Actually, thats a good point... I might have to rethink! Thanks for reminding me


----------



## majnin (Jul 6, 2013)

Clover I LOVE LOVE LOVE that path. I have bookmarked it.
I think the seasons won't be that much of a problem, really. The flowers around it are only small and if you line your paths with trees or flowers it will hardly be noticable?


----------



## Samuel (Nov 4, 2013)

Is there a QR code for this path? if so, where do I find itD-:


----------



## Croconaw (Nov 4, 2013)

Gera said:


> I went to the village of the owner of this blog and got osme pretty good paths http://cocoamura1diary.blog.fc2.com/
> 
> View attachment 6171


That looks like a great path! I got my path from a dream town.


----------



## Amyy (Nov 4, 2013)

http://namahamrich.blog.fc2.com/blog-entry-31.html

the cream one is going to be mine <3

its cute and it looks nice with the fake water


----------



## Zander (Nov 4, 2013)

Here are mine. 

Note:  Slightly out of date


----------



## Sholee (Nov 4, 2013)

i've been trying to look for a path for the winter time. Most paths out there now look great with the green grass.. but now that the grass is dying and snow will be upon us soon. I have yet to find one!


----------



## Minami (Nov 4, 2013)

I'm using more than one path!  I have a normal one, then a grass one and one with water :3


----------



## J087 (Nov 4, 2013)

I'm currently using these





Because there are so many lines you don't see the outer lines of the tile itself while walking, which you sometimes have in certain patterns.


----------



## Officer Berri (Nov 4, 2013)

I don't use a path that's more than one tile in design, since I want to use my pattern slots for clothes. I didn't even want to use path period, but since they have grass deterioration in the game, I pretty much HAVE to. |:

Here's the Fall version:





Here's the Summer version:


----------



## Gumihou (Nov 4, 2013)

sajfl'safjlsa;f Thanks so much for this thread <3 
I've been looking for cute paths & examples of a town with paths c:


----------



## Minami (Nov 4, 2013)

Someone asked me where I got my path from but I can't answer them because their inbox is full, so I'm gonna answer it here! c:
I got my path from here: http://chocopoteto.blog.fc2.com/blog-entry-45.html :]


----------



## Peisinoe (Nov 4, 2013)

Minami said:


> Someone asked me where I got my path from but I can't answer them because their inbox is full, so I'm gonna answer it here! c:
> I got my path from here: http://chocopoteto.blog.fc2.com/blog-entry-45.html :]

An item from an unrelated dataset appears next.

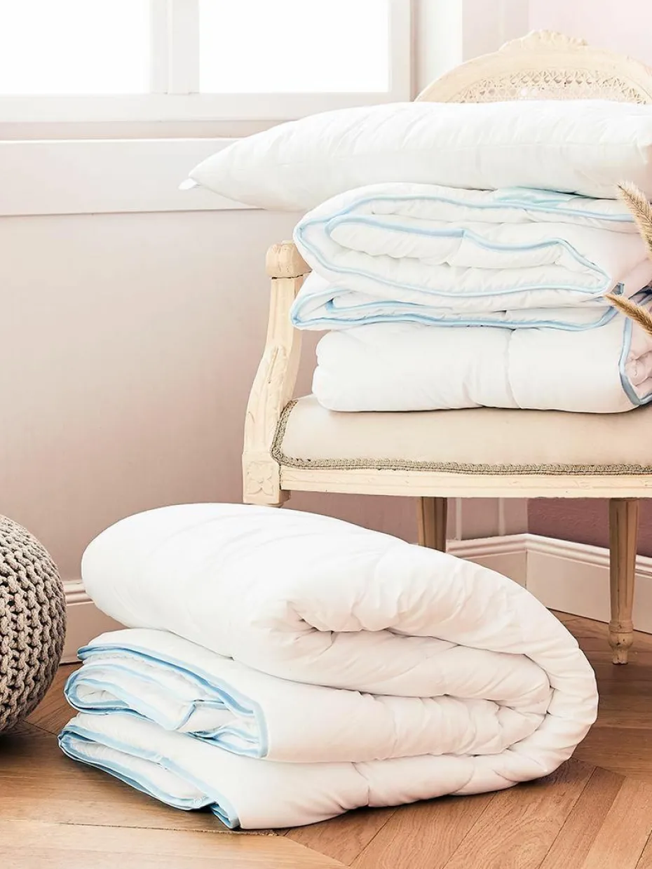 Diese Decke besteht aus zwei Einzeldecken mit leichtem/extra leichtem Wärmegrad und ist somit perfekt für die ganzjährige Nutzung geeignet.
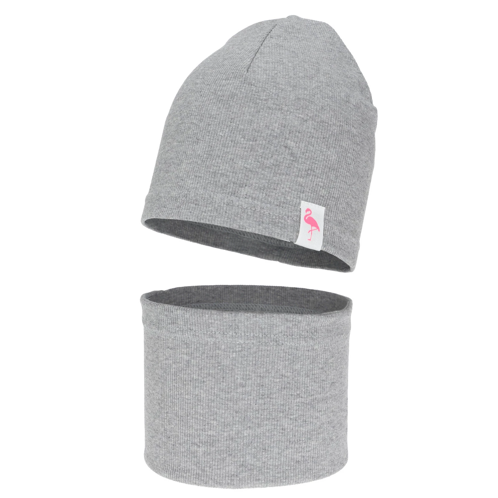 Komplet podzimní, jarní dívčí bavlněná: čepice a tunel, šedý, Rumilla

I was going to ask the same thing! Where did you get the water path code?


----------



## Gumihou (Nov 4, 2013)

zomg. It's paths galore ; u ; ! (saves them all).


----------



## Minami (Nov 4, 2013)

stinaxsays said:


> I was going to ask the same thing! Where did you get the water path code?



From here: http://sinreiinfinity.blog33.fc2.com/blog-category-0.html c:

There are different variations of water paths, but mine is this here: http://sinreiinfinity.blog33.fc2.com/blog-entry-71.html :3


----------



## JellyBeans (Nov 4, 2013)

I don't really have any pictures that show off my path buuut...


----------



## monicaseib (Nov 4, 2013)

I made a few paths but sadly I don't have any pictures. I did however make them free for anyone to take through dreaming. There's a natural brick path, a tile done on the pink side, and simple stairs. 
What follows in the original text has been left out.